Do individual human activities help contaminate with pharmaceuticals and personal care products?

Believe it or not, but pharmaceuticals, as helpful as they are to human health...are quickly invading the environment around us with harmful effects. Personal care products such as hair dyes and more are also having a negative impact as they leave houses and business's and enter the environment.

From 1999 to 2002, the United States Geological Survey (USGS) studied surface and groundwater samples from around the country to determine whether PPCPs were present. They found at least one compound in 80% of streams and 93% of groundwater. The most commonly found compounds were: steroids, OTC medications (like ibuprofen), and insect repellants. Different PPCPs have different toxilogical effects.

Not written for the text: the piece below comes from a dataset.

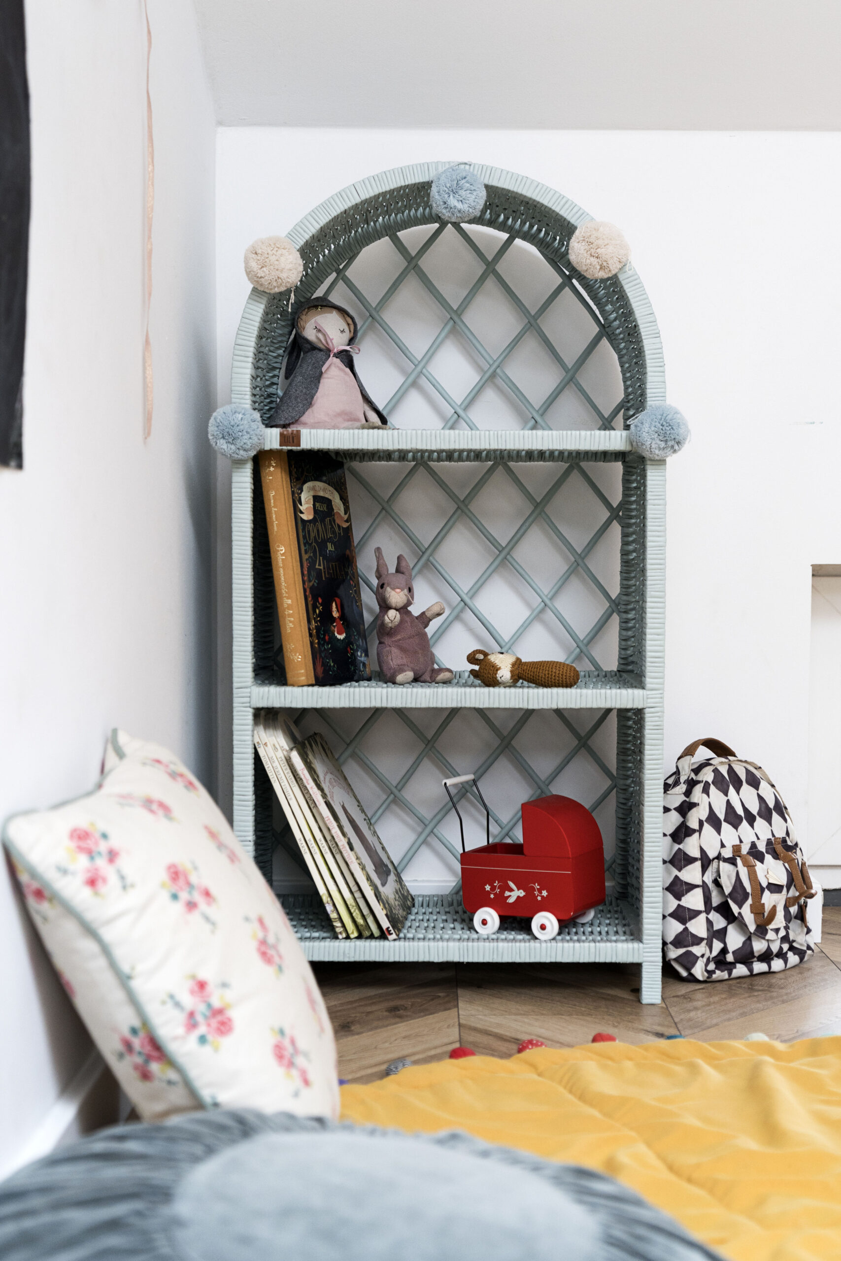 Żeby nie było tylko różowo, a wiadomo – z czasem tego różu tylko przybywa, do pokoiku wprowadziłam elementy brudnej mięty, którą wręcz ubóstwiam, a która bardzo fajnie spaja cześć Helenki z przestrzenią chłopców, którzy zaraz za ścianą z tapetą, mają swoje królestwo – dodaje Monika. I tak w pokoju Heleny pojawiła się piękna etażerka z Lilu w ulubionym kolorze mamy czy pasująca kolorystycznie delikatna muślinowa kołdra w gałązki.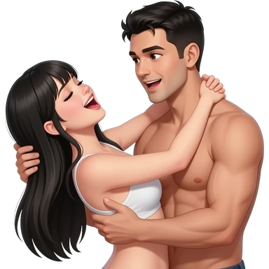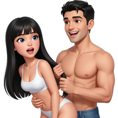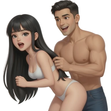 skinny white girl with long straight black hair nude in doggy style, slightly tanned slim guy short black hair average build grabbing her hair from behind explicit penetration, he looks excited, she moans in pleasure, both naked, realistic emoji

Regulatory agencies at all levels of government are realizing that pharmaceutical and personal care products (PPCPs) and endocrine disrupting chemicals (EDCs) in surface and drinking water are of concern. PPCPs and EDCs are being found in rivers, lakes, and groundwater, all which serve as sources of drinking water, and even in treated drinking water. PPCPs include over-the-counter (OTC) medications, prescription medications, dietary supplements, hormones, cleaning agents (especially antibacterial cleaners), and the inert ingredients that are associated with these products (which can be just as harmful, if not more so, than the active ingredients themselves). Many of the PPCPs are actually designed to impact the human hormone system.

Some PPCPs are also Endocrine Disrupting Chemicals (EDCs). The endocrine system is a complex network of hormones and glands which release hormones into the body and regulate growth, development and maturation. Endocrine disrupters are synthetic chemicals which either block or mimic natural hormones, which in turn disrupt normal functioning of organs. Many of the components of OTC drugs, supplements, and prescription medications are not completely metabolized by the human body. Therefore, the unmetabolized portions of these compounds are excreted when people defecate or urinate. For example, when amoxicillin, a common antibiotic, is ingested, 60% of the drug comes out unchanged in the urine.

The PPCPs triclosan and tricloscarban1 have been found to disrupt development in frogs, causes endocrine disruption in mussels, disrupts thyroid hormones in rats after only short-term exposure (Crofton, et al., Short term in Vivo exposure to the water contaminant triclosan: Evidence for disruption of thyroxine. Triclosan and triclocarban are toxic to aquatic biota, bioaccumulate in algae and earthworms, are endocrine disrupters, can contain dioxin and other carcinogens, degrade to form other carcinogens, and are persistent in the environment.

But the damage from pharmaceuticals and PPCP contamination doesn't just affect the environment. Take this one research stat for an eye-opening example; potential human health impacts include: cancer, Type II diabetes, behavioral changes such as increased aggressiveness and decreased attention span, compromised immunity, and neurological effects (Spano, T., "Contaminants of Emerging Concern: Endocrine Disrupters," Presentation to COG Chief Administrative Officers Committee, August 1, 2007). Clearly mankind needs to become more attentive not only to reasons we ingest pharmaceuticals and use PPCP's, but also to the reverse effects these chemicals are having as we discard them into our environment.